Nevertheless, many questions have arisen in the face of this conceptualization and the very limited ability of such a circular economy to respond to environmental and social issues. For example, the rebound effect or the energy consumption of the recycling sector is put forward as an obstacle to true circularity.
A question of growth
Many researchers have really emphasized the need to develop a systemic approach to growth and the idea of separation. For many, GDP growth is incompatible with meeting our environmental challenges. Because a system like ours cannot escape the generation of waste, they have sought to develop new concepts of the circular economy, particularly to integrate issues of social justice.
For example, researchers have shown that there are four approaches to circularity today. Among these, the fossil economy is incompatible with sustainability, and technological responses are not necessarily sufficient for decoupling. Such an approach would especially favor new forms of governance.
A new concept of circular economy
Such a view can already be supported by certain so-called “alternative” organizations. In France, they would be part of the social and solidarity economy. By promoting solidarity and responsibility, such initiatives can build new representations of the circular economy through their goals.
Because they will have more opportunities to innovate and do so in ways that challenge the existing paradigm, they will have greater opportunities and will be able to pre-determine a new vision of sustainability, especially by responding to social and environmental challenges. justice. For example, by promoting democratic governance and non-profit or limited profit-making, SSE will provide a framework for action for local socio-ecological transition.

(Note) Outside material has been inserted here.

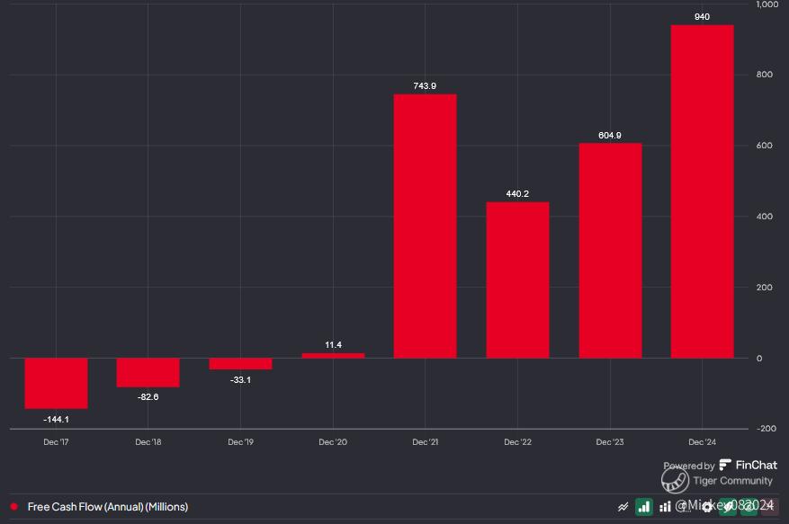 Looking at Pinterest’s cash flow and overall profitability, we see a remarkable trend of improvement. The company's cash flow from operations to sales ratio currently stands at 26.5%, a significant increase from a negative 10% in 2019. This shows how effectively Pinterest has scaled its operations and turned revenue growth into actual profits.

It is in such a context that a large European research project called “BLUEPRINT for circular economy” is being registered. One of its objectives will be to understand the relationship between social and solidarity enterprises and the development of the circular economy in order to provide tools and models adapted to the transition.
About the authors:
Lucie Wiart. Doctor of Management, Neoma Business School.
Nicholas Beaufort. Economies of Ecological Transition, Neoma Business School.
This article is republished from The Conversation under a Creative Commons license. Read the original article.